Theosophical Publishing Society, 1985. Paperback. 249 pages. Fragments of the 18th century life of the great occultist and enigmatic personality. Moderate shelf-wear. Very Good.
The biography of the internationally famous 18th century European mystic, reprinted by popular demand.
The Count of St. Germain remains today one of the paramount enigmas of the 18th century. He was known by some as a great occultist. But he was more than that, for his counsel was both sought after and respected by the kings and princes of Europe. Clear records of his activities can be found today in the archives of France, Germany, Austria, Holland and Denmark.

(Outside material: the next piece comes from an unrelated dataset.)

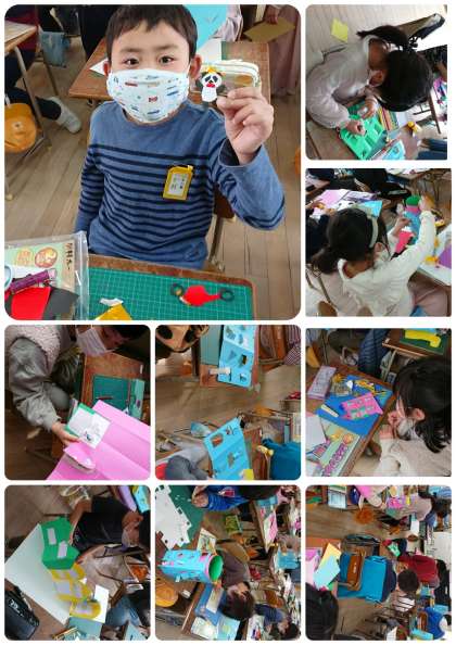 1年1組では、新しく入ってくる1年生の教室に飾るチューリップの絵を描いていました。クレパスで丁寧に色を重ねていました。

The Count was the leading spirit of Rosicrucianism. It is said that he learned the secret of alchemy at a very early age. This was the man who flitted through the courts of Europe and then – simply disappeared. Emperor Frederick the Great called him “the man who never dies”. Some insist that this strange man is still alive and a Master among people. Whatever the truth, this Count, who was passionately revered by many and passionately ridiculed by some, was a most intriguing, uncommon, powerful, (immortal?), and grand figure of history.
Isabel Cooper-Oakley is the author of Masonry and Medieval Mysticism. A friend of H.P. Blavatsky, she played an important role in the theosophical movement during its formative years. She was appointed by Annie Besant as the International President of the Committee for Research into Mystic Traditions.